The midfield trio of Lampard, Hazard and Mata all scored more goals last season than Torres. Chelsea need a striker, a man that can guarantee them twenty goals a season, to supplement the astonishing amount of goals coming from their midfield. And it looked like they had their man in Edinson Cavani. Near on 30 goals last season, not great sharp-shooting figures but a man who knows how to hold onto the ball and oozed confidence going forward. Alas it appears the lure of PSG’s wallet has enchanted the Uruguayan, leaving Chelsea fans to lament that “he has only gone there for the money.”(!!) Never mind, move on, there are plenty more fish in the sea.

Robert Lewandowski would be a suitable candidate that satisfies the needs of both manager and owner. Mourinho would acquire a keen goal scorer with experience of working in front of a dynamic and creative midfield, whilst Abramovich would get the kind of big ticket, marquee signing he seems to crave. But whilst Lewandowski’s (and, interestingly Benteke’s) name has been brought up in conjunction with Chelsea, it is another name on the list of eight that has gained most tabloid space.

Three years ago, the idea Wayne Rooney in a Chelsea shirt was unimaginable, but with Mourinho and senior Chelsea players stroking his bruised ego seemingly on a daily basis and a bulging Russian cheque book undoubtedly being waved in his face…stranger things have happened. Signing Rooney would be a major coup for the London outfit, when was the last time United sold one of their biggest stars to a Premier League rival? (Funnily enough, the only name coming to mind is Mark Hughes to Chelsea.) But, statistically speaking, he represents another player Chelsea do not need.
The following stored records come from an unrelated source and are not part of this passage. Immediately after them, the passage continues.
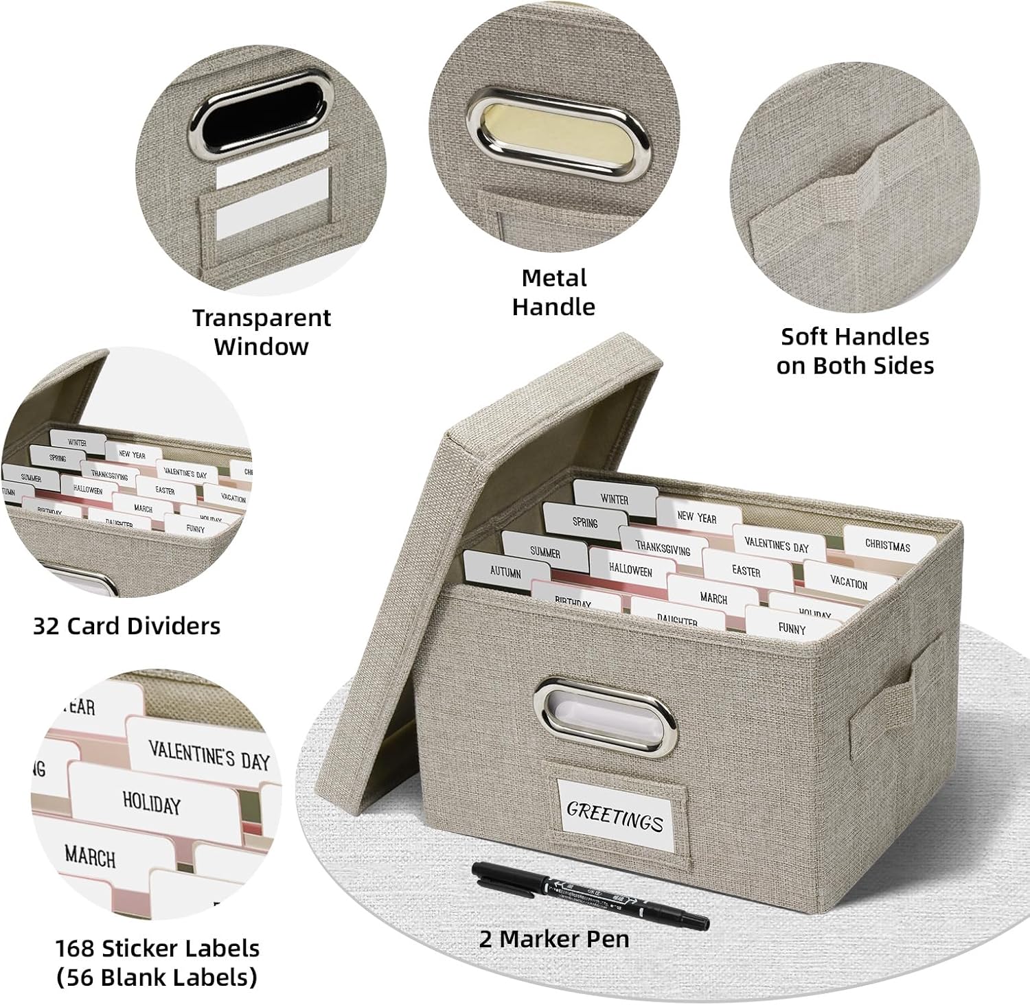 Greeting Card Storage Box, Linen Storage Box with 32 Adjustable Dividers, 168 Labels, 2 Marker Pen, Perfect for Organizing Greeting Cards, Envelopes, Photos 2 Pack Beige
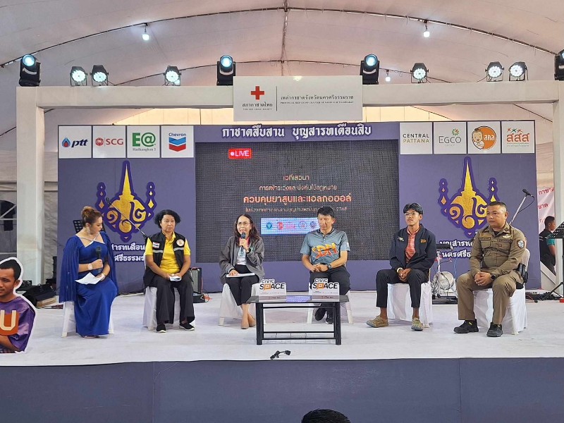 จังหวัดนครศรีธรรมราช ร่วมกับสำนักงานกองทุนสนับสนุนการสร้างเสริมสุขภาพ (สสส.) เครือข่ายองค์กรงดเหล้า หน่วยงานสาธารณสุข ศึกษาธิการ ภาคีเครือข่ายเยาวชน เครือข่ายเหยื่อเมาแล้วขับ ตำรวจ และคณะทำงานเหล่ากาชาด ได้จัดเวทีเสวนา “การเฝ้าระวัง ควบคุมยาสูบและเครื่องดื่มแอลกอฮอล์ ในเทศกาลและงานบุญประเพณีสารทเดือนสิบ ประจำปี 2568” ณ เวทีกาชาดงานสารทเดือนสิบ (ทุ่งท่าลาด) เพื่อร่วมกันขับเคลื่อนมาตรการเฝ้าระวังและสร้างพื้นที่งานบุญปลอดภัยจากปัจจัยเสี่ยง
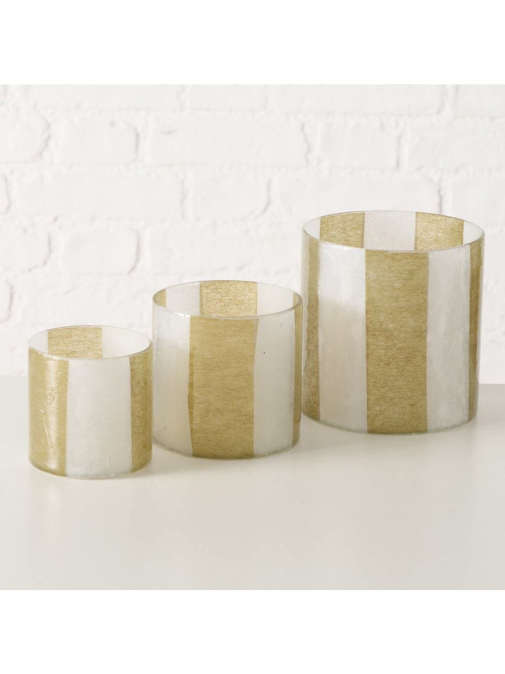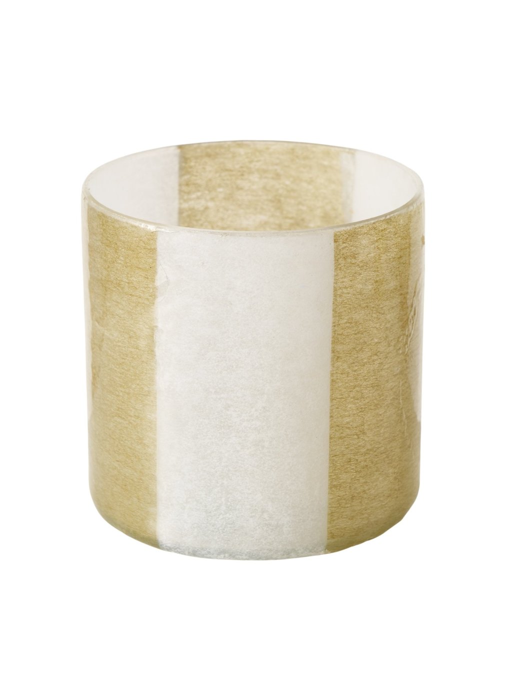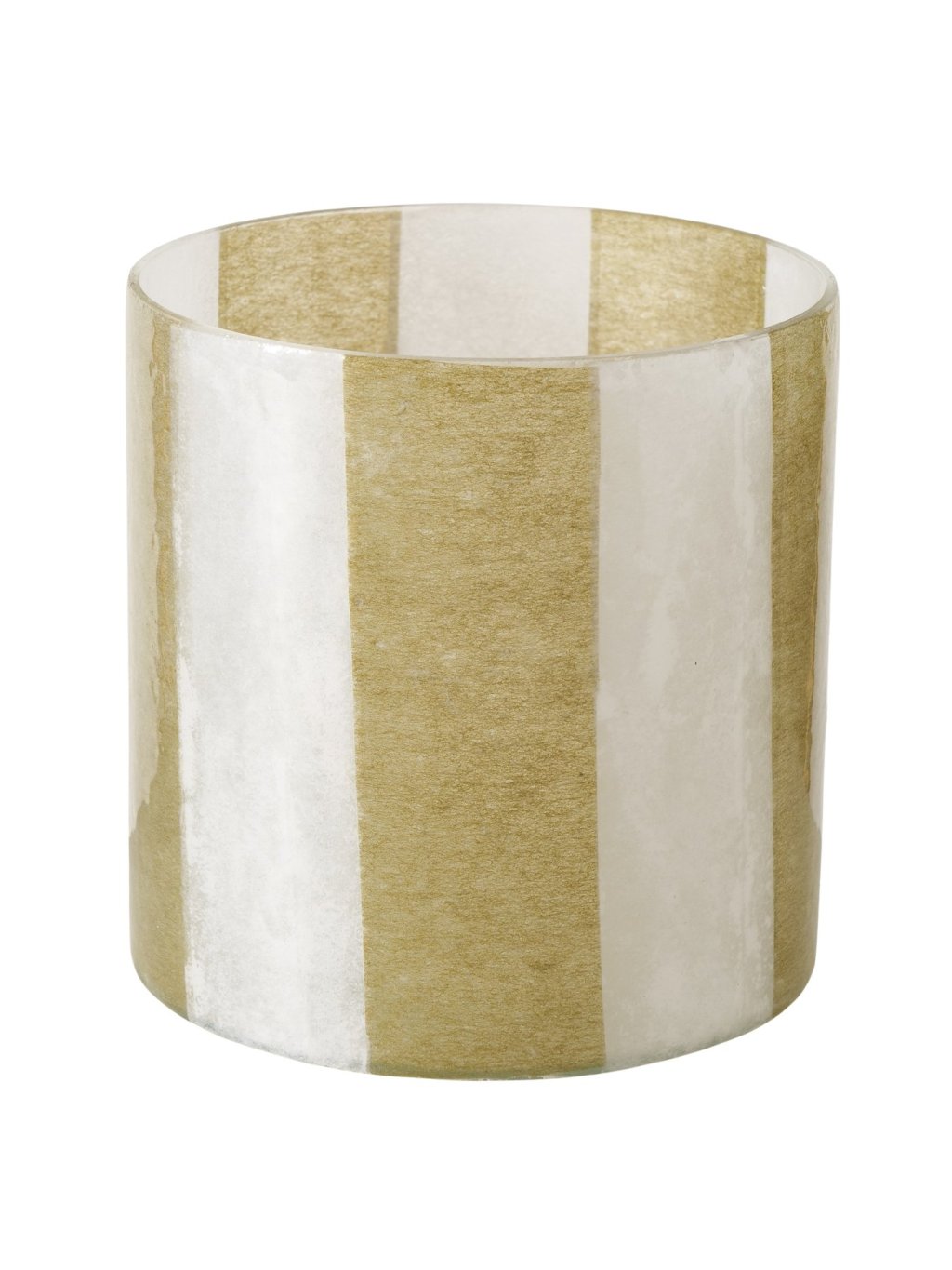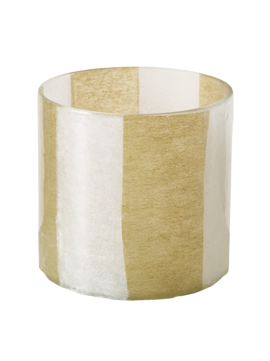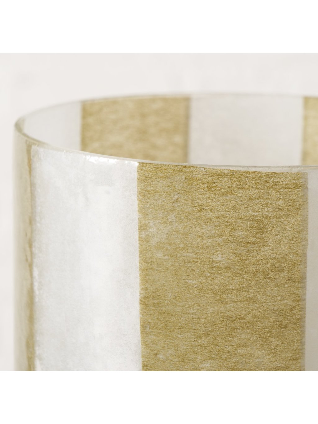 Ručne vyrábaný sklenený svietnik s jemným pruhovaným vzorom a lesklým povrchom krásne pracuje so svetlom sviečky.
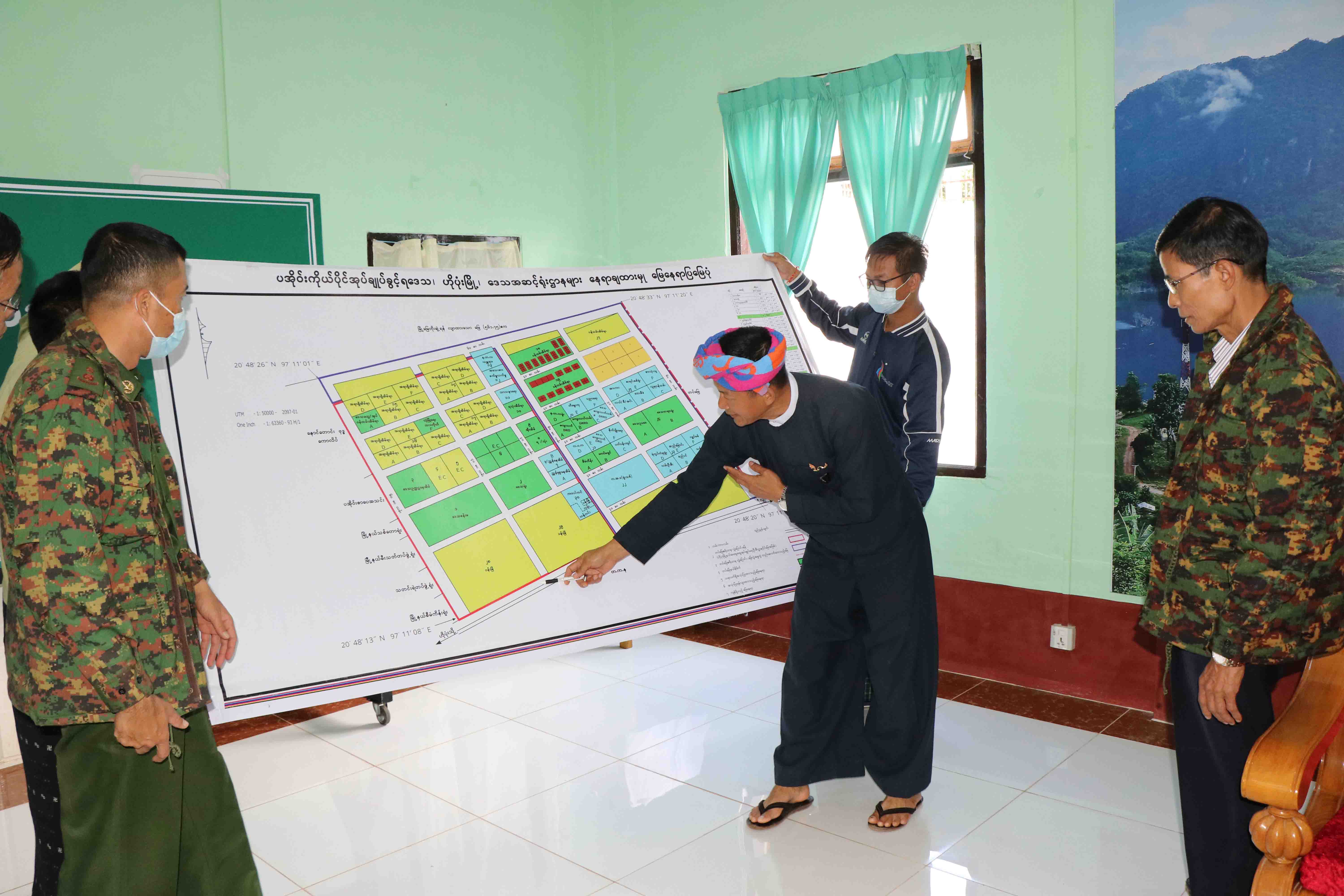 ယင်းနောက် ဒုတိယဝန်ကြီး၊ ဒေသဦးစီးဥက္ကဋ္ဌနှင့်အဖွဲ့သည် ဟိုပုံးမြို့နယ် ကျေးလက်လမ်း ဖွံ့ဖြိုးရေးဦးစီးဌာန၏ ၂၀၂၂-၂၀၂၃ ဘဏ္ဍာရေးနှစ် ခွင့်ပြုရန်ပုံငွေဖြင့် တည်ဆောက်နေသော (၅၈ x ၅၃x၂၄)ပေ RC (၂)ထပ် ရုံးအဆောက်အဦ တည်ဆောက်လုပ်နေမှုနှင့် အသေးစားစက်မှုလက်မှု လုပ်ငန်းဦးစီးဌာန၏ ဟိုပုံးမြို့နယ်ရုံး ဆောက်လုပ်မည့်မြေနေရာတို့ကို ကြည့်ရှုစစ်ဆေးသည်။
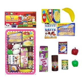 O Kit contém 29 peças: 1 balança 1 caixinha de spaguetti 1 caixinha de leite 1 guaraná 1 lata de milho 1 caixinha de biscoito 1 caixinha de sucrilhos 1 caixinha de bala 1 lata de ervilhas 1 suco de laranja 1 cesto 4 maçãs (3 vermelha e 1 verde) 1 pepino 2 ovos 1 caixinha de suco de uva 1 caixinha de leite integral 1 caixinha de sucrilhos 1 caixinha de cheese crackers 1 caixinha de cookies de chocolate 1 achocolatado 1 milho 2 ovos 1 banana 1 cestinha Ean: 7896464703549
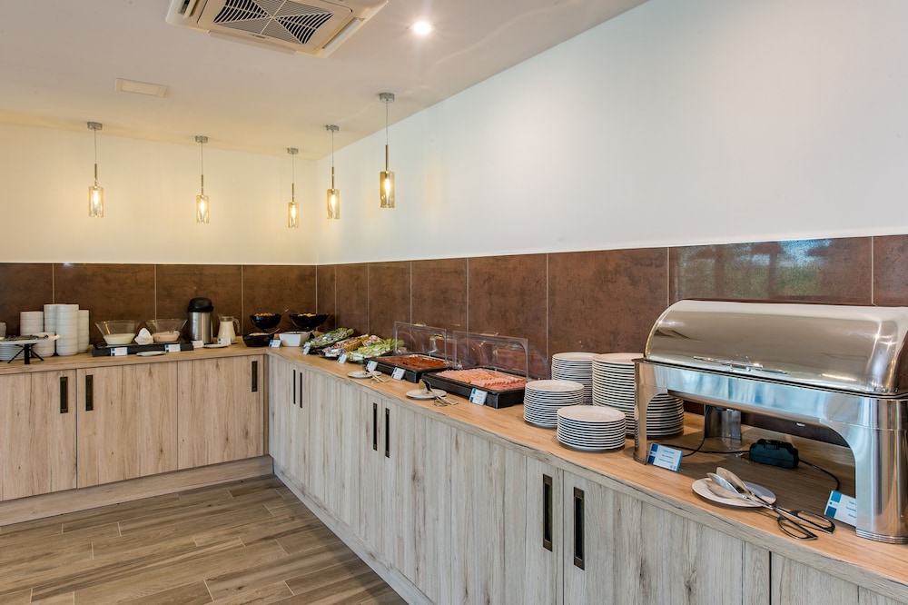 A hotel maga, alvásra, ott tartózkodásra tökéletes volt. A személyzet nagyon kedves. De ez nem segít azon a tényen hogy bár biztos finom volt a kaja amit kaptunk volna, az étterem nyitvatartási idejének első órájában MÉG nem volt választék, másnap másképp mentünk, az utolsó egy órában, ekkor MÁR nem volt. Hogy mikor lett volna, azt nem tudtuk meg. A fürdésről nem is beszélve, sehol sem említette a hotel oldala sem és ez az oldal sem, hogy csak egy uszoda van mellette ahova kizárólag úszósapkában léphet be mindenki. Ezt persze adnak ha nem hoztunk, pénzért. De ki akar sapkát húzni azért, hogy pár órát a jacuzziban töltsön? Mi nem.

For whilst Rooney has had some experience as an out and out striker, as noted earlier he spent the majority of last season playing behind one; just like Lampard, Mata, Oscar, Hazard, Moses and (to an extent) Schurrle.

I cant help but feel concerned for Arsene Wenger. From the neutral perspective one of his crowning achievements during his tenure with Arsenal has be his intelligent operation within the transfer market. Sign ‘em cheap, work ‘em hard and sell ‘em for a profit – Henry, Viera, Adebayor, Nasri, Clichy, Anelka the list goes on. It is a fantastic business model and hardly surprising coming from a man with an economics degree. But a tempestuous season, irritated fans and a chairman desperate for acceptance may have forced Wenger’s hand this summer.

The seemingly inevitable signing of Gonzalo Higuain highlights the point. A very talented striker, the statsitics from last season show he knows where the goal is, something that the trio of Walcott, Giroud and Podolski did not really prove last season. His passing related statistics weren’t incredible last season but Arsenal probably don’t need another great passer of the ball. Plus the one year of statistics in a season where Mourinho didn’t give the Argentine much of a sniff of 90 minutes cant give a holistic view of the player. So Arsenal are set to sign a striker renowned in Europe as a goal scorer and yet something doesn’t seem right.

The crux of the issue is Arsenal do not spend £26 million on a player. Or, to put it another way, Arsene doesn’t spend £26 million on a player. This raises many questions. Has he lost control of Arsenal’s transfer policy? Have desperate times called for desperate measures? Or, with changes of management by their three main rivals, is this a calculated gamble by the savvy Wenger, a final role of the dice to bring the title back to North London? Whichever way you look at it a offering a record -breaking fee for a player who did not get a whole season last time around is uncharacteristic behaviour for the maestro of the transfer market. So, do Arsenal need Higuain? Ask me in twelve months time.